Validator

Schema validation utilities for checking metadata against JSON Schema files or Pydantic models generated from LinkML.

Three validation approaches are available:

  1. Remote validation via validate() – fetches the JSON Schema from the metadata-schema repository on GitHub and validates a dict or file against it. Convenience wrappers such as validate_svgdigitizer() are provided for each schema.

  2. Local JSON Schema validation via validate_metadata() – uses jsonschema library against a local JSON Schema file.

  3. Pydantic validation via validate_with_pydantic() – uses auto-generated Pydantic models from LinkML. Provides richer error messages and type coercion.

mdstools.schema.validator.load_yaml_metadata(stream: Any) Any

Load YAML metadata with dates and timestamps as plain strings.
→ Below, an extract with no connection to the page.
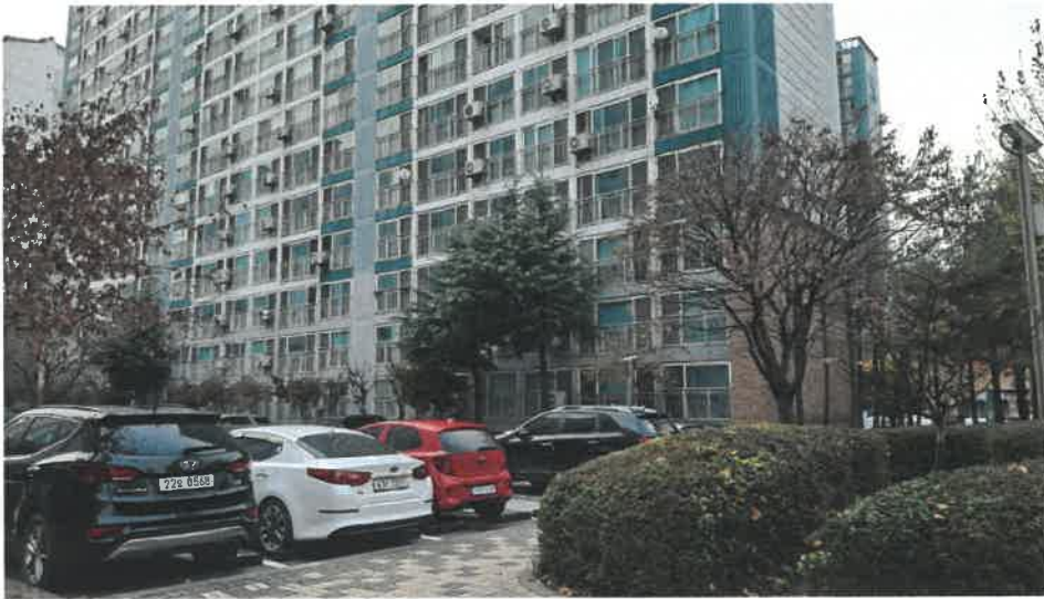
본건 전경(남동측 인근에서 촬영)

A drop-in replacement for yaml.safe_load for metadata documents: unquoted YAML dates must reach the validator as strings rather than datetime.date objects, which fail validation of string-typed schema fields.

EXAMPLES:

>>> from mdstools.schema.validator import load_yaml_metadata
>>> load_yaml_metadata("date: 2021-07-09")
{'date': '2021-07-09'}

>>> import yaml
>>> yaml.safe_load("date: 2021-07-09")
{'date': datetime.date(2021, 7, 9)}
mdstools.schema.validator.validate(data: Any, schema: str = 'echemdb_package', version: str = None) None

Validate metadata against a schema from the metadata-schema repository.

Fetches the JSON schema from https://raw.githubusercontent.com/echemdb/metadata-schema/<version>/schemas/ and validates data against it.

Parameters:
  • data – Metadata dict, or path to a YAML/JSON file.

  • schema – Schema name — one of 'autotag', 'minimum_echemdb', 'source_data', 'svgdigitizer', 'echemdb_package', 'svgdigitizer_package'.

  • version – Git tag or branch name. Defaults to the installed package version (i.e. the matching release tag). Pass 'main' to validate against the latest development schemas.

Raises:
  • FileNotFoundError – If data is a path that does not exist.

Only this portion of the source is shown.